From the listing that follows, reproduce only the lines from the one holding "2021年1至12月份,法尔" through the one holding "The chicken Alfredo", both included, with no pictures.

- **DATA RECORDS**
•••••
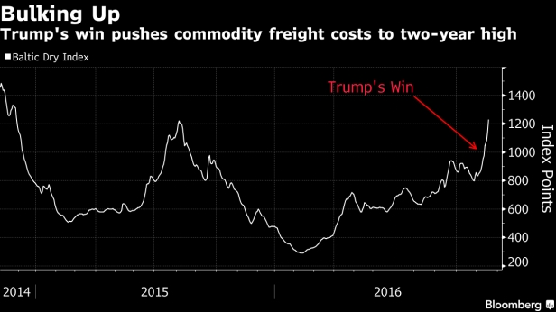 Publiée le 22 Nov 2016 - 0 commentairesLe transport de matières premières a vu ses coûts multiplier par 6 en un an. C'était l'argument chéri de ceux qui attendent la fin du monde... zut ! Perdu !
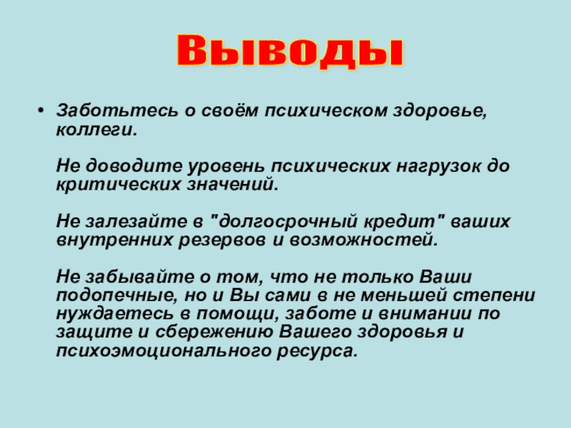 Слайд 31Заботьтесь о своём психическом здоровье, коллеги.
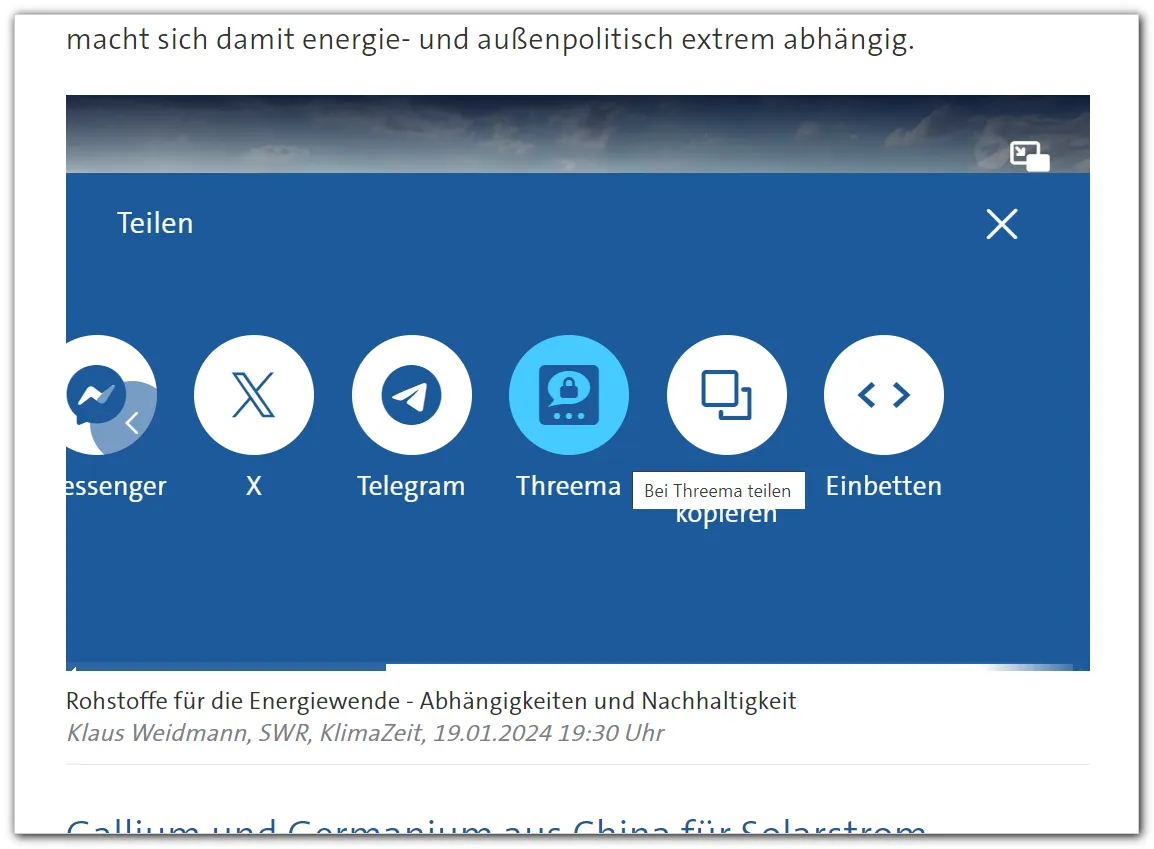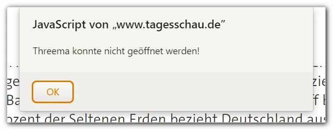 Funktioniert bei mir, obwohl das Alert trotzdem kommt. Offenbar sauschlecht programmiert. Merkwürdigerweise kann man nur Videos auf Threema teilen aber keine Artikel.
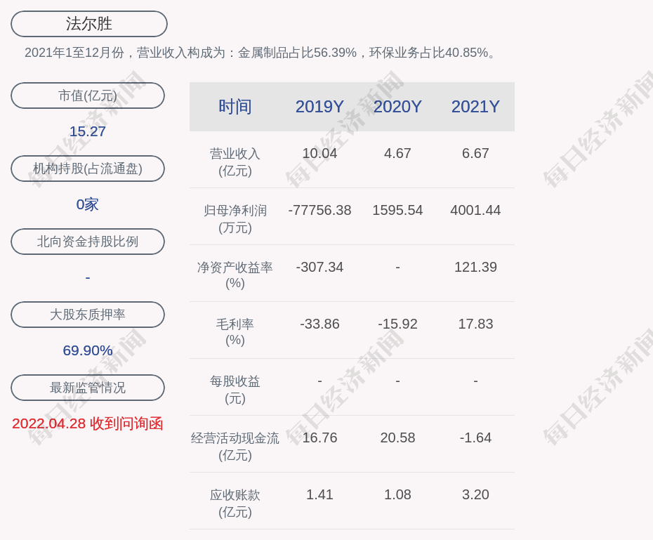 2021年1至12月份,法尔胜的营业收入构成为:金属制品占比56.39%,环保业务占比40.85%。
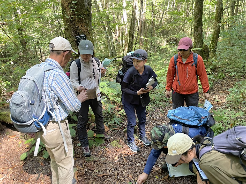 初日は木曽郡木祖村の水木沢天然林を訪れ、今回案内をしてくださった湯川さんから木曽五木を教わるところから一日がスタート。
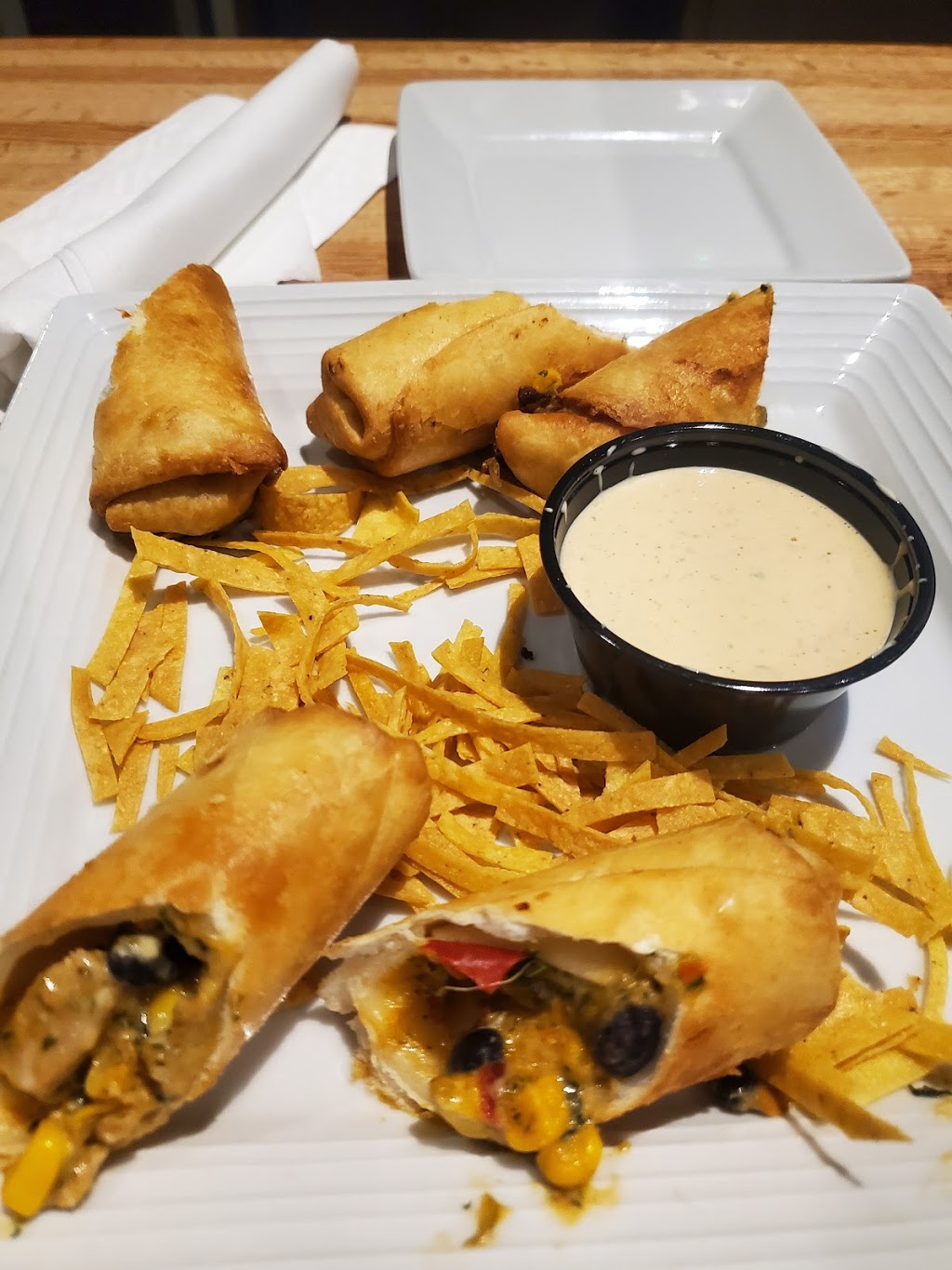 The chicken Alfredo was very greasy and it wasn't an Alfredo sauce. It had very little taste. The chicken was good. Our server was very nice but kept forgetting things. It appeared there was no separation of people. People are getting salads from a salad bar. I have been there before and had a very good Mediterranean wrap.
•••••
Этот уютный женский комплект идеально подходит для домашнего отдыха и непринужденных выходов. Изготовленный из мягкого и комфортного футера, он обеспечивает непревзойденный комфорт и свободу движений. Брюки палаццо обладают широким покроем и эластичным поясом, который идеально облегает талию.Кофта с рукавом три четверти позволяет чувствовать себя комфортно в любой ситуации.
•••••
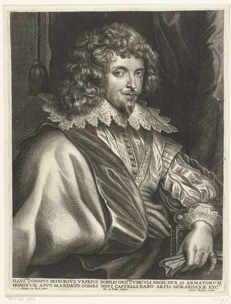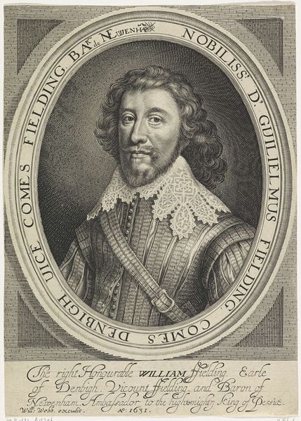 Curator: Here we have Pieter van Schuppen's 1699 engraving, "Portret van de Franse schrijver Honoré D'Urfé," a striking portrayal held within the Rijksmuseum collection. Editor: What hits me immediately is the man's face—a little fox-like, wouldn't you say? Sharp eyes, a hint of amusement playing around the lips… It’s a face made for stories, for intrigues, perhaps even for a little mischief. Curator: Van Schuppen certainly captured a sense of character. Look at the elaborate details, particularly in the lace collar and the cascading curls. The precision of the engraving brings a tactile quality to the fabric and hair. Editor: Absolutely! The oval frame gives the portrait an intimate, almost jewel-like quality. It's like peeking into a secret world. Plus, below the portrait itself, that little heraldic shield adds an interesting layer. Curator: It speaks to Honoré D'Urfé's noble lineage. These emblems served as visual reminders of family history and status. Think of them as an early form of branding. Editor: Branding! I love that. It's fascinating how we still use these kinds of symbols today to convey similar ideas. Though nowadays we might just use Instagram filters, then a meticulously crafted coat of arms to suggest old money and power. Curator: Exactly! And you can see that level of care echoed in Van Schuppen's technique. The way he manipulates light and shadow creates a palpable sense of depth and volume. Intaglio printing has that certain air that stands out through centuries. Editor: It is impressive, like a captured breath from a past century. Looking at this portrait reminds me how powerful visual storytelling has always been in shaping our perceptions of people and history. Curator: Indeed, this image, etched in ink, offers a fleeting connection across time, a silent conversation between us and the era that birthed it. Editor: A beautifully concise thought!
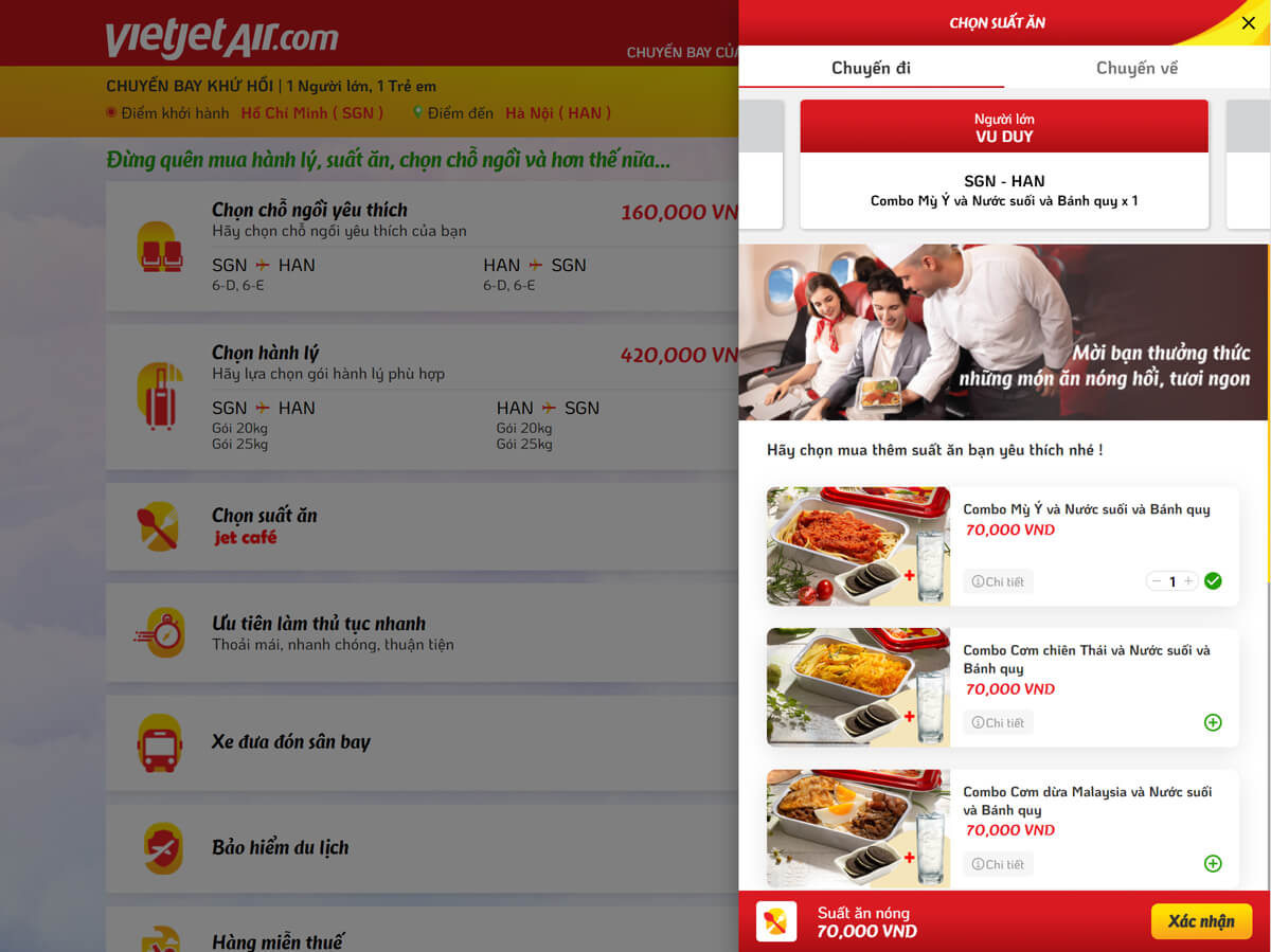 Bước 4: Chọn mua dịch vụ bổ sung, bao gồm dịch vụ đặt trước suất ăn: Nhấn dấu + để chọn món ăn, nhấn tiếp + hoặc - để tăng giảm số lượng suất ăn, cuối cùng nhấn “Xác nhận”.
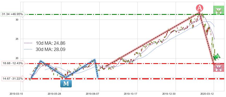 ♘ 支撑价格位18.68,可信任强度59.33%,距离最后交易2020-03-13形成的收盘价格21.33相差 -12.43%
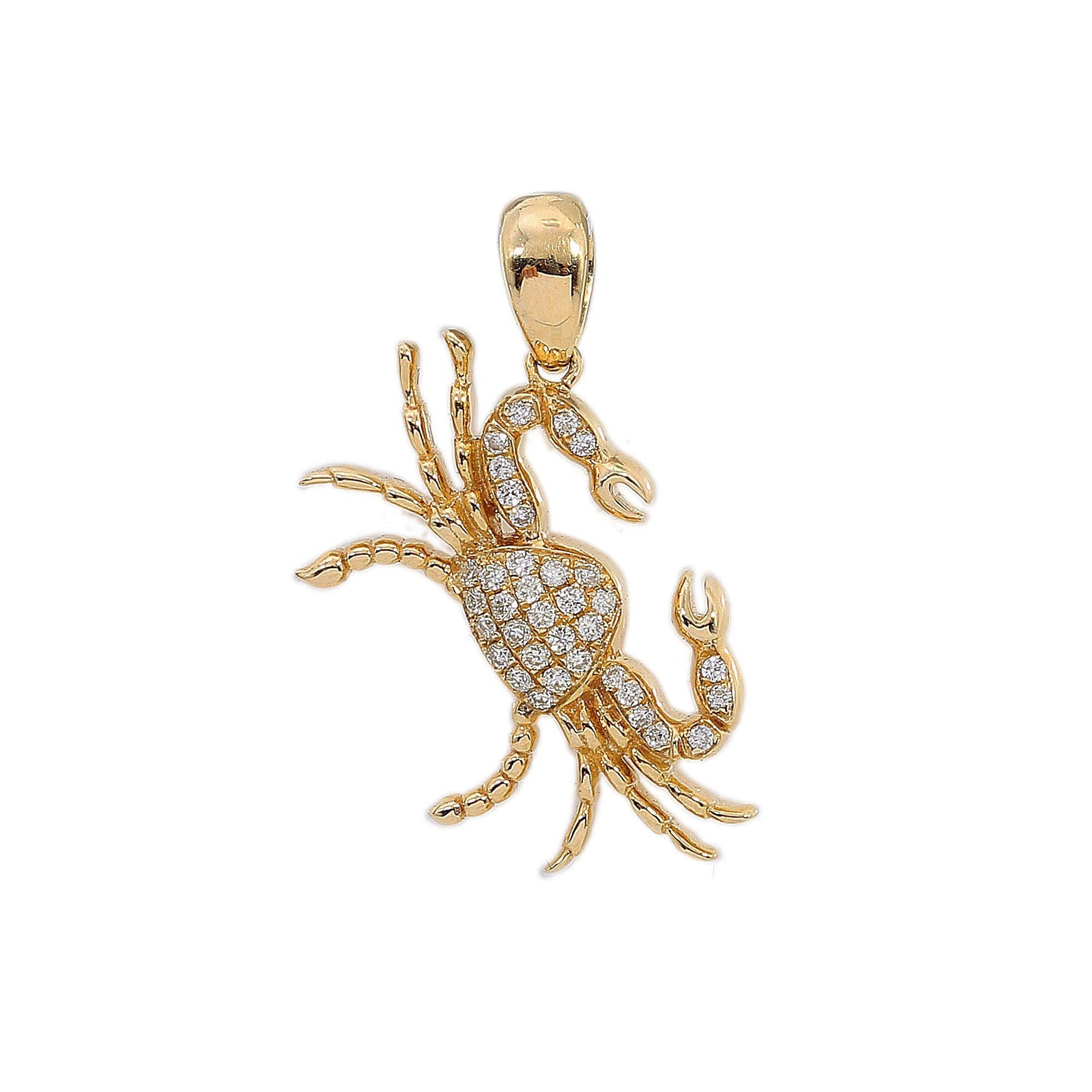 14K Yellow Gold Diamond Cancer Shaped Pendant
•••••
- **FINISHED TASK**
 2021年1至12月份,法尔胜的营业收入构成为:金属制品占比56.39%,环保业务占比40.85%。
 初日は木曽郡木祖村の水木沢天然林を訪れ、今回案内をしてくださった湯川さんから木曽五木を教わるところから一日がスタート。
 The chicken Alfredo was very greasy and it wasn't an Alfredo sauce. It had very little taste. The chicken was good. Our server was very nice but kept forgetting things. It appeared there was no separation of people. People are getting salads from a salad bar. I have been there before and had a very good Mediterranean wrap.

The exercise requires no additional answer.